Dear Rafael and colleagues,

Many thanks for the philosophical reflections on meaning. Probably the vast
'opennes' about the concept that you have described is related to the
backwardness (or extreme complexity?) of the neurosciences' fields and the
relative lack of connection among them. We are still missing a central arch
or theory on human (or mammal, for that matter) "informational" and
cognitive processing integration. It is not just a personal remark, rather
it comes from leading neuroscientists such as Edelman, Arbib ('a theory of
the person' missing for the latter), Crick, and others.

I would add only a little to the points on the 'sociality' and 'porosity'
behind the meaning of our symbolic concepts: just that something similar
seems to happen when one tries to identify the 'meaning' of a biological
'signal' at the cellular level. A defeating networking of molecular,
ontogenetic, and evolutionary occurrences appears. Thus, one is tempted to
get throughout the autopoietic road and deny the problem (both of
information and meaning) by 'bringing forth' an emergent world. But I think
it is better to persist step-by-step along the molecular.biological
approach. Actually this is a great problem, shared (though in a little
twisted way) with the contemporary discussions on 'systems biology' from
the recently framed bioinformatic turfs of genomics, proteomics,
transcriptomis, and metabolomics (Viktoras was somehow connecting with this
biomolecular approach too, introducing 'purpose' and 'function' to talk
about meaning).

In my opinion, the challenge is to go directly from molecular recognition
to cellular meaning (perhaps abduction would appear somewhere in the
middle, directly by itself) without introducing from the outside helping
concepts that smuggle a surrogate solution, or a whole ad hoc doctrine.
Maybe biosemioticians will not share this direct quest for the molecular
'informational mechanisms' producing meaning out from received signals--or
they will. The idea is not to reject reductionism, but to complement it
with an interesting 'integrationist' approach.

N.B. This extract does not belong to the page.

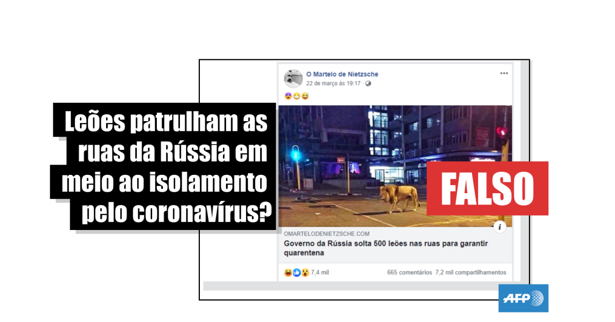 “Rússia inovando no Combate ao CORONAVÍRUS soltou 500 leões na rua para evitar aglomerações…”, “A Rússia soltou leões nas ruas para as pessoas não saírem de casa. Melhor país kkkkkk [sic]” e “Governo da Rússia solta 500 leões nas ruas para garantir quarentena”, são algumas das afirmações que acompanham as publicações, compartilhadas no Facebook (1, 2) mais de 23 mil vezes, com mais de 123 mil curtidas no Twitter (1, 2, 3, 4).
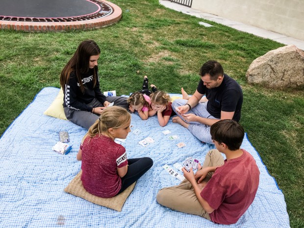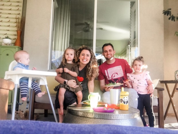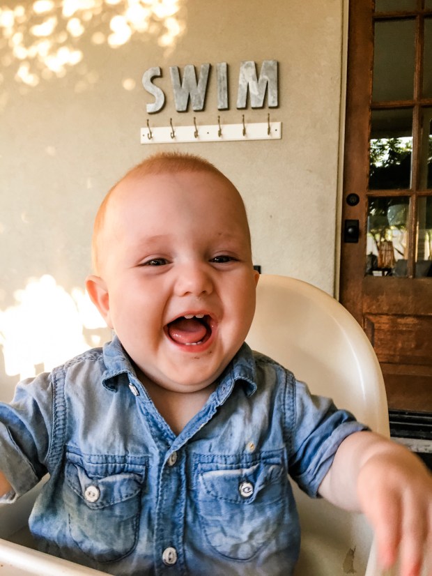 Every afternoon we play Cover Your Assets out in the yard with Eve, Hyrum, and Micah. We bring the cards and they bring a snack, like a giant bag of goldfish or a bag of pretzels, to occupy the babies while we play. Levi plays happily on the blanket or sitting on my lap with the card box or small toy but we all know to feed the Baby Buddha when he starts getting fussy.

Also, Koichiro has intriguingly connected this problem with the complexity
and networking underlying economic self-production. I would add that
economic autopoiesis, like cellular one, necessarily needs consideration of
those events that contribute negatively too (about those elements which
degrade, either by themselves or forcedly). Otherwise, the economic
self-actualization would be condemned to the eternal load of backwarded
agents (e.g., menhir builders would be thriving around happily). Actually,
in European countries we have this sort of problems quite often, about
backward enterprises the members of which do not easily accept the
actualization conveyed by the 'meaning' out from the economic 'signals'...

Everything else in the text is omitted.